DETAILED DESCRIPTION OF THE INVENTION
 Reference will now be made in detail to the preferred embodiments of the
 invention, a target configuration prediction system and method, examples
 of which are illustrated in the accompanying drawings. While the invention
 will be described in conjunction with the preferred embodiments, it will
 be understood that they are not intended to limit the invention to these
 embodiments. On the contrary, the invention is intended to cover
 alternatives, modifications and equivalents, which may be included within
 the spirit and scope of the invention as defined by the appended claims.
 Furthermore, in the following detailed description of the present
 invention, numerous specific details are set forth in order to provide a
 thorough understanding of the present invention.

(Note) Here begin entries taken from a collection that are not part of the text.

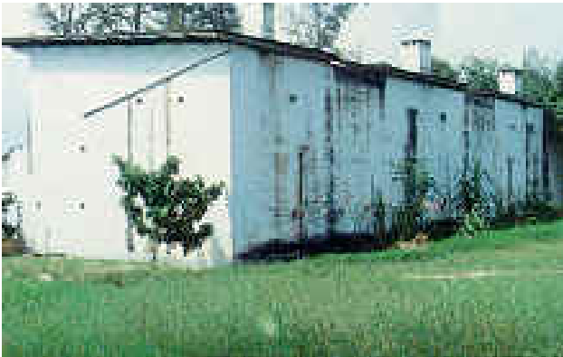
Pandangan belakang Balai Polis Bukit Kepong hari ini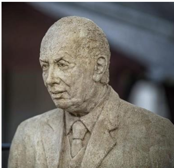
Gács Barna szobra

Mádl Ferenc 1951-ben végzett az államosított piarista gimnáziumban.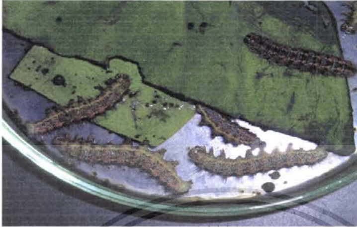
ภาพที่ 5 แสดงลักษณะการตายของหนอนบึงกินใบบัวที่ได้รับสารไซเปอร์เมทริน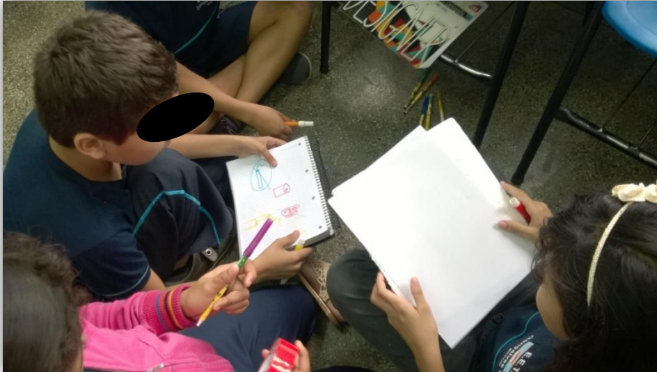
Figura 6 - Elaboração de placas de trânsito

A partir desta elaboração observaram-se a criticidade, pois os educandos na maioria das placas elaboradas abordaram questões como imprudências no trânsito e acidentes que podem ser evitados com conscientização (Figuras 7).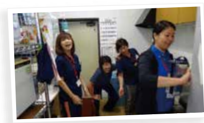
こんなスタッフ達が サバティを支えてくれていま〜す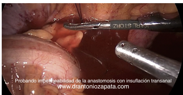
Figura 5 Probando impermeabilidad de la anastomosis con insuflación transanal.

Posterior a realizar la anastomosis, hacemos una «prueba de la llanta» (fig. 5) que consiste en introducir una sonda nelaton 20 Fr transrectal e insuflarla con aire, para llenar el hueco pélvico con agua y observar la impermeabilidad de la anastomosis. Por último se deja drenaje y se procede al cierre de puertos.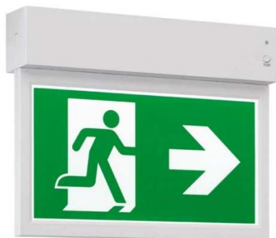
PICTOLIGHT 1P-W/C (Wall/Ceiling)

However, it will be
 obvious to one ordinarily skilled in the art that the present invention
 may be practiced without these specific details. In other instances, well
 known methods, procedures, components, and circuits have not been
 described in detail as not to unnecessarily obscure aspects of the current
 invention.
 Some portions of the detailed descriptions which follow are presented in
 terms of procedures, logic blocks, processing, and other symbolic
 representations of operations on data bits within a computer memory or
 other electronic devices. These descriptions and representations are the
 means used by those skilled in the data processing arts to most
 effectively convey the substance of their work to others skilled in the
 art. A procedure, logic block, process, etc., is here, and generally,
 conceived to be a self-consistent sequence of steps or instructions
 leading to a desired result. The steps are those requiring physical
 manipulations of physical quantities. Usually, though not necessarily,
 these quantities take the form of electrical or magnetic signals capable
 of being stored, transferred, combined, compared, and otherwise
 manipulated in a computer system. It has proven convenient at times,
 principally for reasons of common usage, to refer to these signals as
 bits, values, elements, symbols, characters, terms, numbers, or the like.
 It should be borne in mind, however, that all of these and similar terms
 are to be associated with the appropriate physical quantities and are
 merely convenient labels applied to these quantities. Unless specifically
 stated otherwise as apparent from the following discussions, it is
 appreciated that throughout the present invention, discussions utilizing
 terms such as "processing" or "computing" or "calculating" or
 "determining" or "displaying" or the like, refer to the action and
 processes of a computer system, or similar electronic computing device,
 that manipulates and transforms data represented as physical (electronic)
 quantities within the computer system's electronic components and memories
 into other data similarly represented as physical quantities within the
 computer system electronic components or memories or other such
 information storage, processing, transmission or display devices.
 The present invention facilitates the transfer of information in bus
 communication environments that include multiple types of initiators
 (masters) and targets (slaves) by predicting the target configuration type
 before a bus access begins. In one embodiment, the present invention
 stores information regarding target configuration types included in
 previous bus transactions and utilizes this information to predict the
 configuration type of a particular target.
 For example, targets with an address within a particular range or page
 boundary are predicted to have the same type of configuration. In one
 embodiment the present invention operates in a PCI environment that
 includes 32-bit and 64-bit target configuration types. In yet another
 embodiment, the present invention relies upon retry address tracking and
 retention features of an initiator and utilizes a status bit component
 included in the initiator to track a target configuration type.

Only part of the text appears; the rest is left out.